Importance of this would not just be for infectious disease. Also want to be useful for other related research topics: e.g. quality of medicines. 

  • Case 1 - data on the same theme available from more than one source, none complete. Different organisations are doing similar work.  These reports are useful but they are distributed, different data providers, formats, data dictionaries.  Creating standards in this area, would be useful to integrate data on this topic in order to assemble a more complete dataset on a particular theme.
  • Case 2 - Multiple themes required to address a problem. For a particular scenario, there is a science hypothesis about what the vectors and exacerbating factors are.  On the basis of this model, we need a specific selection of datasets to test or make predictions.  For a different model, a different set would be required.  There may be a need for a pre-rolled set of required datasets to respond to each scenario.  

Do we have the classification system that will allow us to find the set of data sets needed for each scenario?


Identify the vocabularies that allow the dataset to be tagged with a theme and being able to tag measurements within a dataset with standard terms so that the dataset can be integrated.


Provider-centric data description?  Comes from this experiment, mission etc.  Less attention is paid to the property or quality being observed.  

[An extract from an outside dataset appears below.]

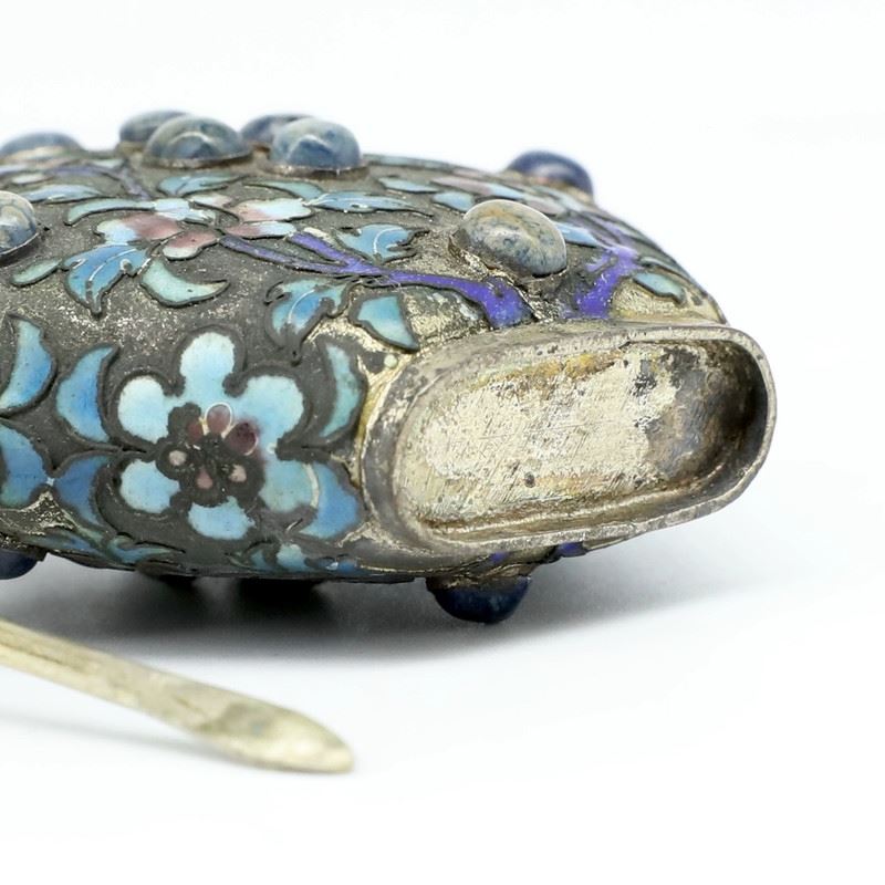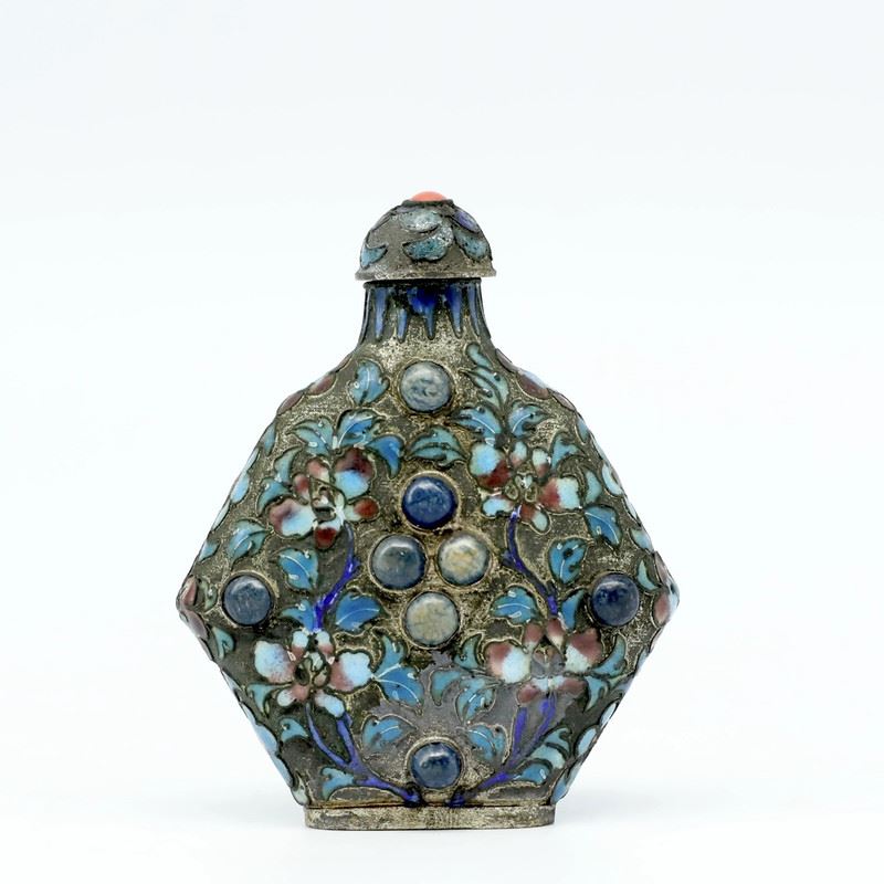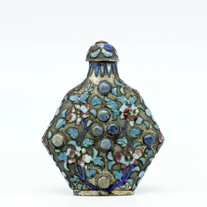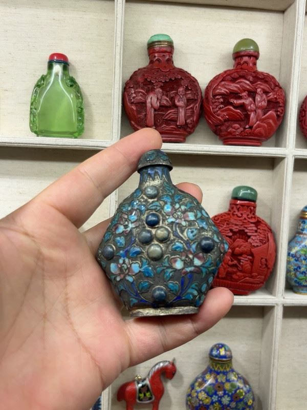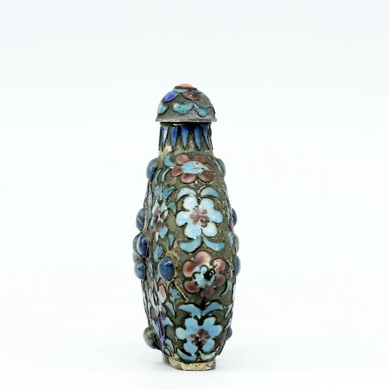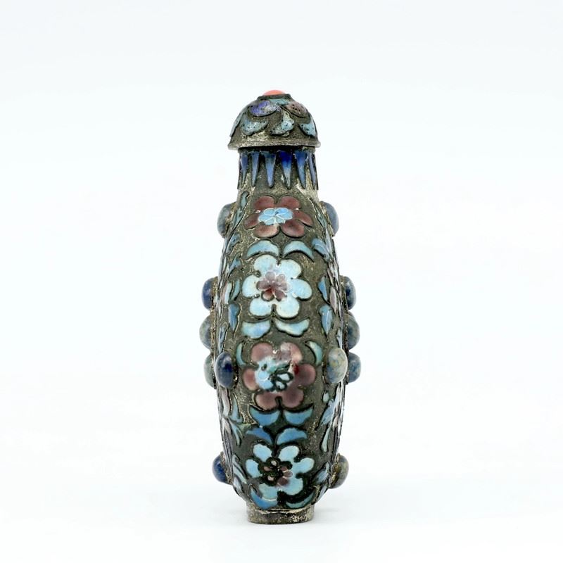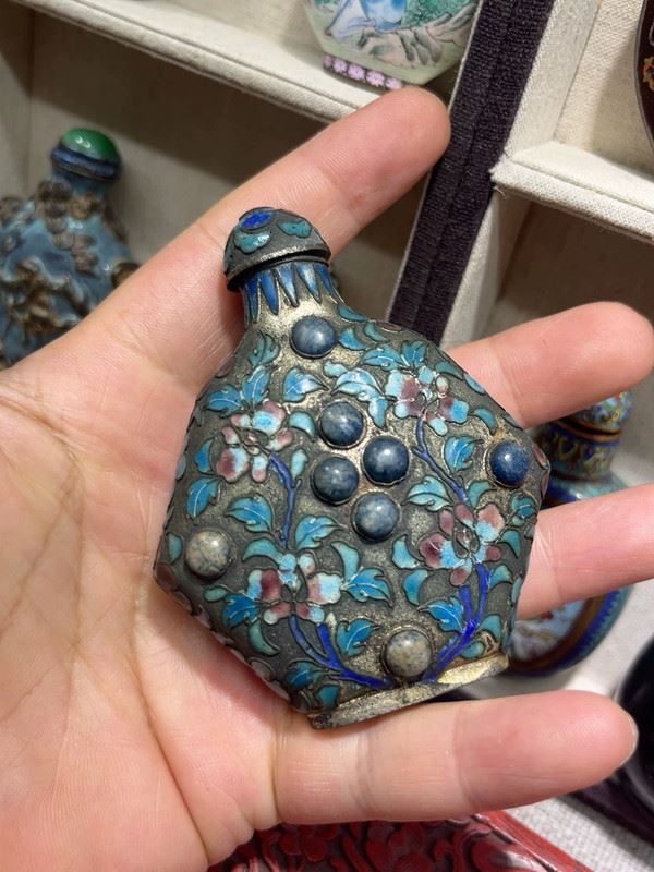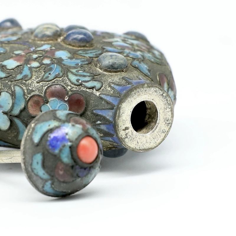 This nasal snuff bottle is crafted using cloisonné enamel techniques, with a unique shape designed for traditional nasal and throat treatments. The body is decorated with intricate floral patterns, vibrant colors, and fine details, combining practicality with artistic value. Its blend of traditional craftsmanship and modern aesthetics makes it a collectible art piece with both functional and decorative appeal.

IDDO adapted/adapting CDISC for hospital data.  Stretched the standard because did not cover some key information relating to hospital occurrences: 'IDDO is standardising clinical, laboratory and epidemiological data with CDISC. We have had challenges with CDISC in that it did not initially cover the pure contact tracing data (who did you interact with? what was the nature of that interaction? for how long?... who did they interact with? etc) but CDISC have been helpful to work on it with us and to "stretch" the standard to now cover this.'

CDISC is very much designed to represent the relevant data points of the trial.  

Points to the desideratum of cross walks between CDISC and FHIR.  What would the recommendation be for the data platform: would need to ingest FHIR data from clinical treatment; CDISC data for clinical data.

Gates / Wellcome interest in constructing a data platform to this 

Issue of having to stretch CDISC to accommodate the data.  This may be happening because an Ebola outbreak has its own particularities.  There is no controlled environment.  The outbreak is the only occasion on which one can test drugs.  This requires adapted protocols. To what extent does this affect what is recorded.

Suitability of CDISC as primary data dictionary is problematic. It is designed for clinical/drug trials, not for reporting medical/health incidents. It partially works for an outbreak iff there is an accompanying drug trial.